Many other microbes have built up these sorts of microbial defences. A well-known one is the Penicillium mould which secretes an antibiotic that breaks down the cell walls of nearby bacteria. We have harnessed its antibiotic properties for our own purposes in the form of penicillin. Acetic acid bacteria also have a clever mechanism: these acid-tolerant bacteria secrete acetic acid (vinegar to you and me) to create a harshly acidic surrounding environment for their neighbours. The microbial world is a competitive one, and use of chemical warfare assists in gaining the upper hand.
Our main player, Saccharomyces cerevisiae, functions differently when working aerobically (with free oxygen present) than it does when working anaerobically (without free oxygen). Traditional wine fermentation is considered to be a near anaerobic process since the yeast will sink below the liquid when wetted with the grape must, and therefore won’t have much free oxygen available.
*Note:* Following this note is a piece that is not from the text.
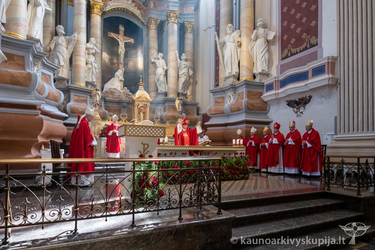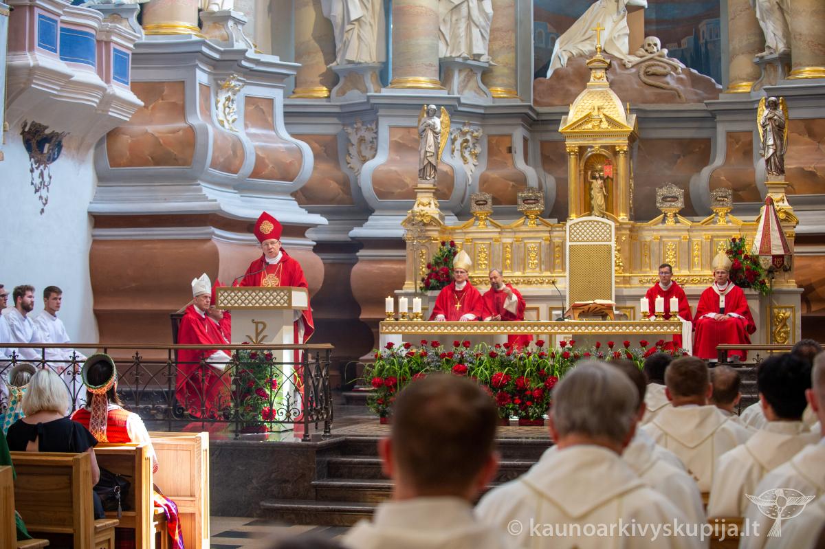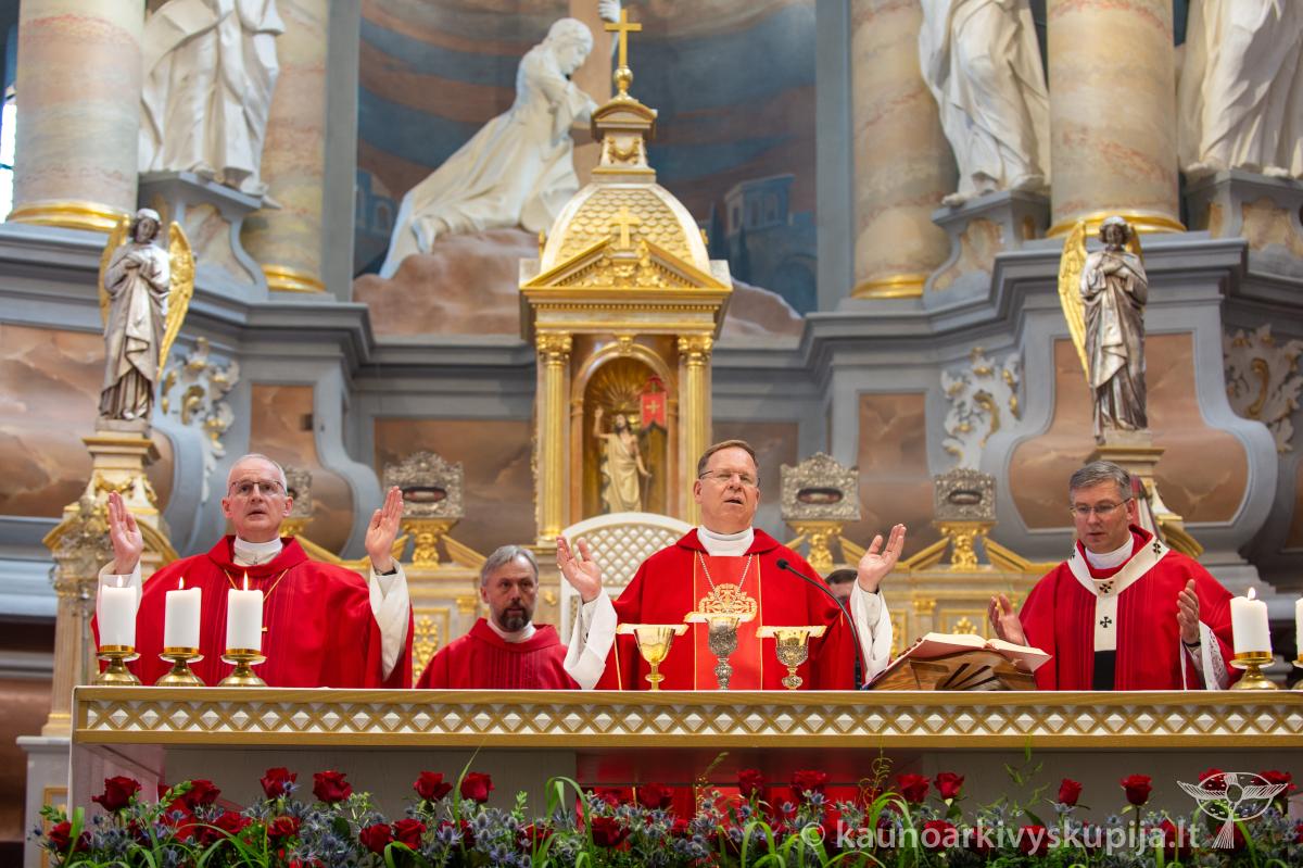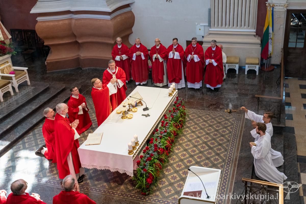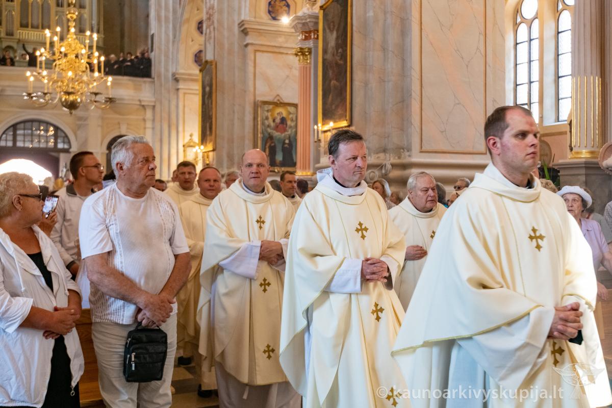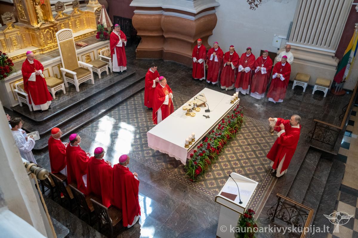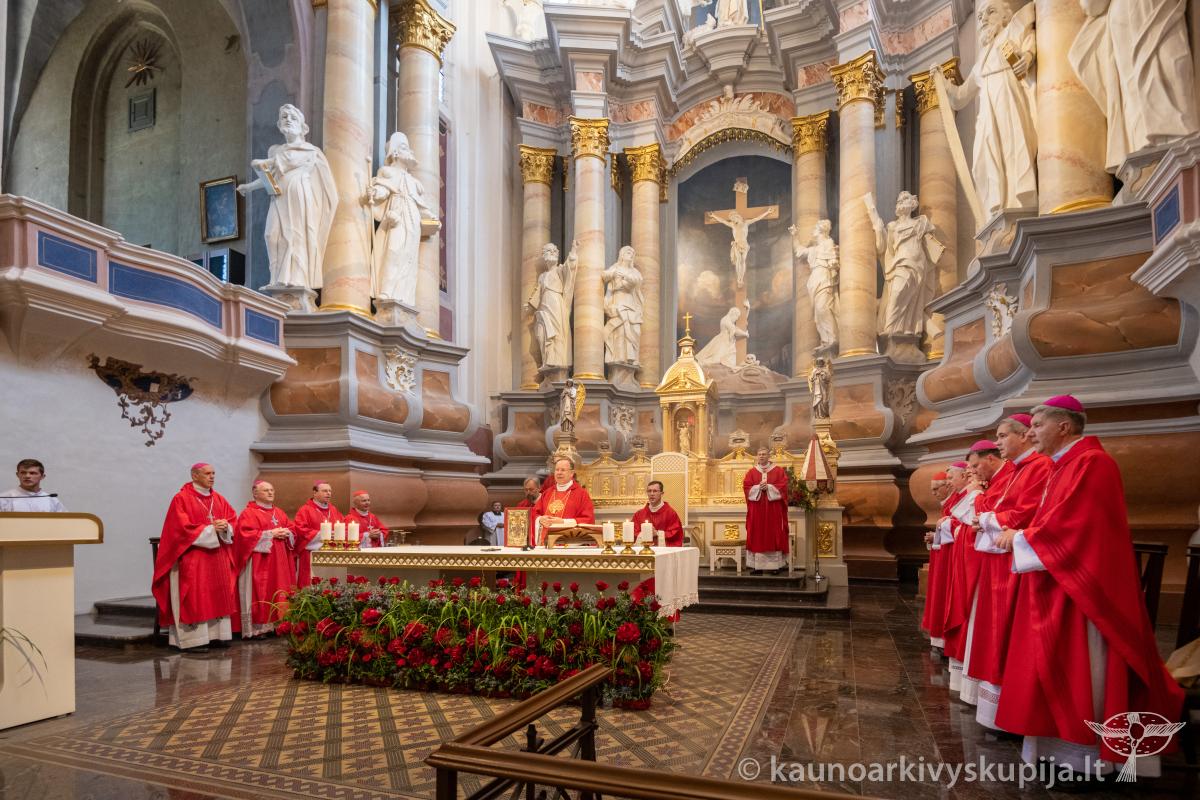 FOTOALBUMAS: Lietuvos sinodinio kelio vyskupijų etapo užbaigimo šventė. Popiežiaus ir vyskupų sveikinimai vyskupams Eugenijui Bartuliui ir Rimantui Norvilai jų konsekracijos 25-mečio proga, apaštališkojo nuncijaus arkivyskupo Petaro Antuno Rajičiaus kunigystės 35-mečio minėjimas. Kauno arkikatedra, 2022 m. birželio 29 d.

We can see that the link between terroir and wine characteristics grows weaker as our technology advances
The nutrient content of the grapes we grow influences the nutrient content of the must, which in turn influences the performance of the yeast. It’s crazy to think that most of the smells and tastes we get from wine are produced by Saccharomyces. Yet its ability to metabolise and create the flavours and aromas we prize so much is heavily swayed by its nutritional state during fermentation. Nitrogen is key to maintaining healthy yeast nutrition; we need it in a form that the yeast can utilise, called yeast assimilable nitrogen (YAN). Vitamins like thiamine and minerals such as magnesium and zinc are also essential for yeast activity. If soils prove to have poor fertility and are nitrogen-poor, this can cause issues with fermentations getting stuck or not even starting, or the yeasts creating bad aromas and tastes. YAN is consumed by Saccharomyces as it enzymatically breaks down sugars, which means that the more available sugar there is in the must, the more YAN we need. Broadly speaking, to ferment 1 gram per litre of sugar, Saccharomyces will need 1 milligram per litre of YAN. Think of YAN as the oil which keeps the enzymatic engines within yeasts turning smoothly.
Very often in conventional farming, nature’s in-built nitrogen-supplying sources are destroyed by the addition of fungicides, so nitrogen has to be applied to the soil in the form of synthetic fertilizers. In addition, wineries will tend to add YAN during fermentation to help the yeast along. We can see that the link between terroir and wine characteristics grows weaker as our technology advances. Before we had the ability to add nitrogen to soils or YAN to fermentation, soils would have had to generate enough nitrogen on their own or we’d help them along a little with organic manure of some sort. In the isolated case of nitrogen, there is a clear and measurable link between soil, wine quality and final wine taste due to the working conditions of our yeasts. However, with the addition of nitrogen at both the growing and the winemaking stage, we sever this connection with the land but ensure that vines and yeasts get what they need to perform at their best.